__REQUIRED ACTION__: Your answer must be the exact lines below, starting with the line with "У Дніпрі сонце" and going on through the line with "- pour la beauté", both included, with no pictures.

__MATERIAL FOR THIS TASK__:
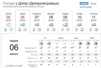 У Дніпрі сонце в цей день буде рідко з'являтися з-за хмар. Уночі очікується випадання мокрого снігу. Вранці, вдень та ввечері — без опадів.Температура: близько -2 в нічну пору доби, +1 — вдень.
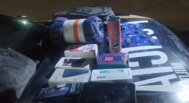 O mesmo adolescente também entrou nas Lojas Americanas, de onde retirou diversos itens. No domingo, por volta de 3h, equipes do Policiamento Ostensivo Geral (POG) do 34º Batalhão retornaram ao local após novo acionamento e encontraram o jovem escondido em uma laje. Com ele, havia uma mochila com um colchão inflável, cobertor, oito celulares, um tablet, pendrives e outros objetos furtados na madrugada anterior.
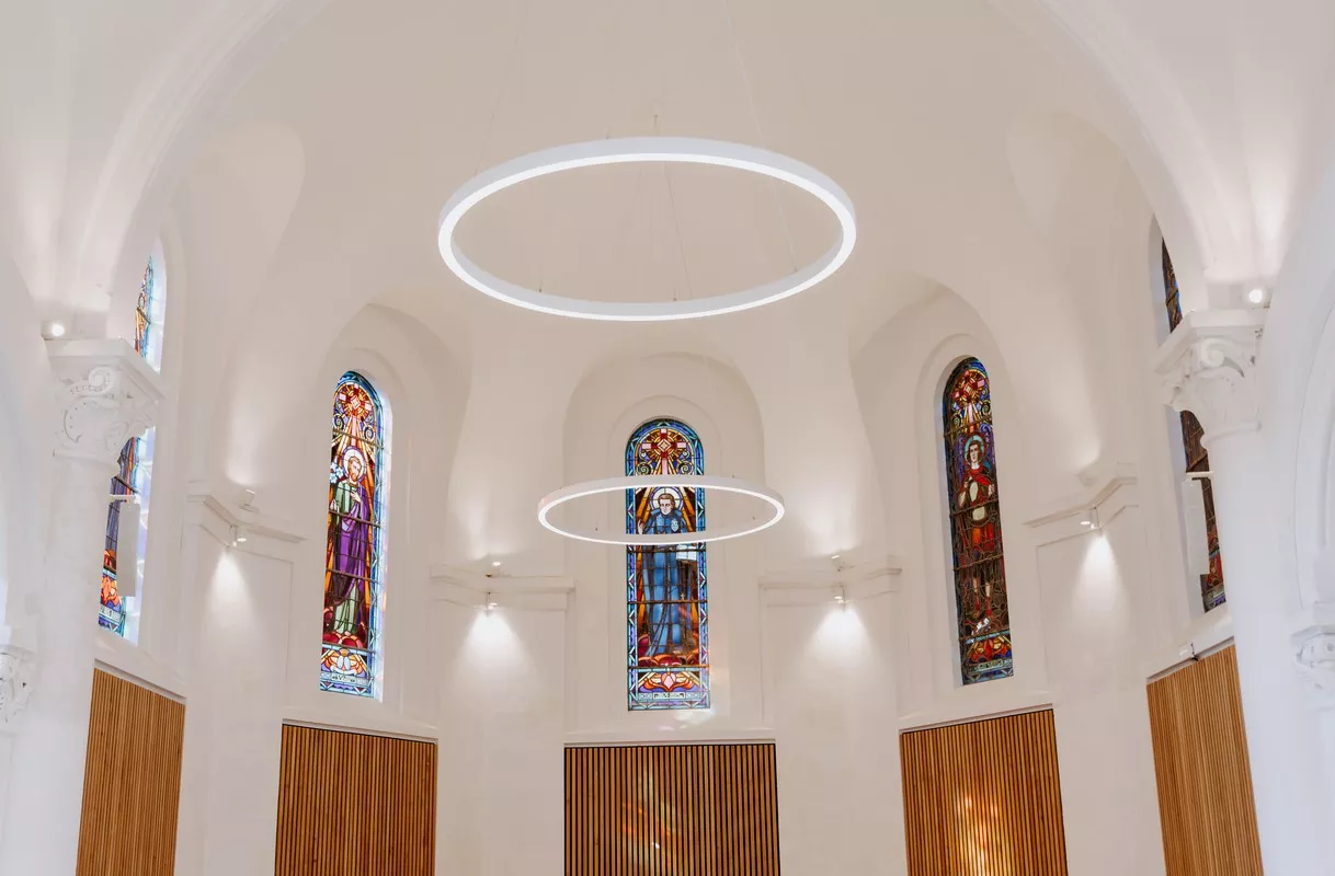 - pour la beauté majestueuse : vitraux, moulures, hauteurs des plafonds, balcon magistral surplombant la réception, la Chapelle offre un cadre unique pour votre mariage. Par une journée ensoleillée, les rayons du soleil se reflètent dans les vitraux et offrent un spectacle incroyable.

--

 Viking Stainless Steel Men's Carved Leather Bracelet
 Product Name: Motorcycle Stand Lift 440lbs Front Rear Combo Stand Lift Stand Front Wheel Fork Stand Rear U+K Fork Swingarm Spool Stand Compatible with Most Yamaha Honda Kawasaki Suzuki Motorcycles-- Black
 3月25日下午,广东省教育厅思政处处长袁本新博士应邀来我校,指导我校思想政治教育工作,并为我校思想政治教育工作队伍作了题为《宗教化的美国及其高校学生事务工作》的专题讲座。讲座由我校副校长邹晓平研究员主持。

__RESPONSE BOX__:
 У Дніпрі сонце в цей день буде рідко з'являтися з-за хмар. Уночі очікується випадання мокрого снігу. Вранці, вдень та ввечері — без опадів.Температура: близько -2 в нічну пору доби, +1 — вдень.
 O mesmo adolescente também entrou nas Lojas Americanas, de onde retirou diversos itens. No domingo, por volta de 3h, equipes do Policiamento Ostensivo Geral (POG) do 34º Batalhão retornaram ao local após novo acionamento e encontraram o jovem escondido em uma laje. Com ele, havia uma mochila com um colchão inflável, cobertor, oito celulares, um tablet, pendrives e outros objetos furtados na madrugada anterior.
 - pour la beauté majestueuse : vitraux, moulures, hauteurs des plafonds, balcon magistral surplombant la réception, la Chapelle offre un cadre unique pour votre mariage. Par une journée ensoleillée, les rayons du soleil se reflètent dans les vitraux et offrent un spectacle incroyable.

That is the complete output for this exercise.